#UnMarDeHistorias
Las olas son altas, pero la débil luz de la luna ilumina una playa que ya se ve desde su posición. Ha perdido la noción del tiempo, aunque es consciente que llevan varios días a la deriva; No sabe de dónde las saca, pero aún conserva fuerzas para seguir agarrada a la barcaza, que poco más iba a aguantar en el estado en el que está, desinflada, rota en varias de sus partes y semi -hundida. Oye el sonido característico de un helicóptero sobrevolándoles y reprime el impulso de aflojar la mano que la mantiene unida a la barcaza.
Salvamento Marítimo los lleva ahora hasta el puerto; muchos de sus compañeros, entre ellos, uno de sus hermanos, son trasladados al hospital por presentar quemaduras y síntomas de hipotermia. Otros muchos compañeros se han perdido en el mar, y tarde o temprano quedarán varados para siempre en la misma playa que ahora pisan sus pies. Fueron cincuenta los que subieron a aquella barca, mientras que un rápido vistazo le confirma que sólo quedan trece.
Una vez es atendida por los voluntarios de Cruz Roja, ve como un joven enchaquetado se aproxima hacia ella con pasos vacilantes y una carpeta de piel debajo del brazo. Presume que se trata de un abogado, aunque se le antoja demasiado joven. Le dirige una mirada de ojos asustados y le sorprende encontrarse con otra cuyos ojos le parecen sonreír. No recuerda que nadie le haya mirado nunca antes de esa forma.

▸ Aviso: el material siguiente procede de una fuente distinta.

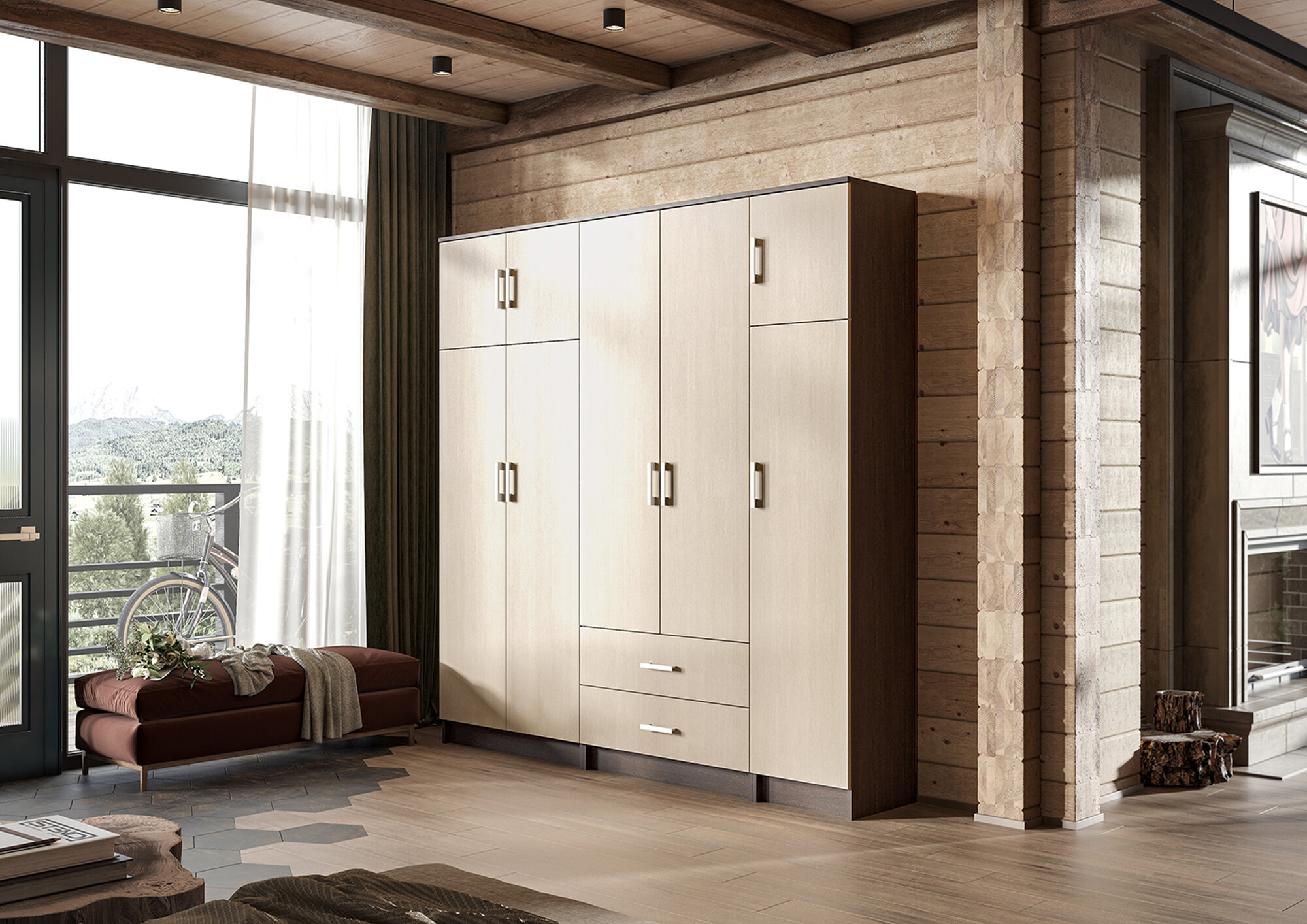 Шкаф Вегас 2000 дуб крафт табачный-дуб крафт белый

El joven le pregunta: “¿Entiendes mi idioma? ¿De dónde eres? ¿Where are you from?”
Y, a pesar de comprender a la perfección sus palabras, sólo se le ocurre mirar hacia el mar. Ese mar que ha conseguido limpiar todo rastro de su vida anterior. No existe nada para ella antes de montarse en esa barca. Nada. Y desde luego ningún país al que volver.
Durante un par de segundos mira fijamente el formulario en blanco mientras que el joven abogado respeta pacientemente su silencio. Una mano temblorosa toma la de él, que descansa sobre los papeles con el bolígrafo entrelazado en sus dedos. En su interior, ella se deleita unos instantes con el roce de esa mano blanca y suave, en contraste con la suya, oscura y con la piel descamada por el sol y el salitre. Él queda sobrecogido por su gesto, pero sólo por un segundo. Pasa su otra mano por la mejilla de ella, aún húmeda de lágrimas de sal. Se va acercando hasta que sus caras quedan a pocos centímetros la una de la otra, y él le susurra, de nuevo de forma perfectamente comprensible para ella:”Bienvenida”.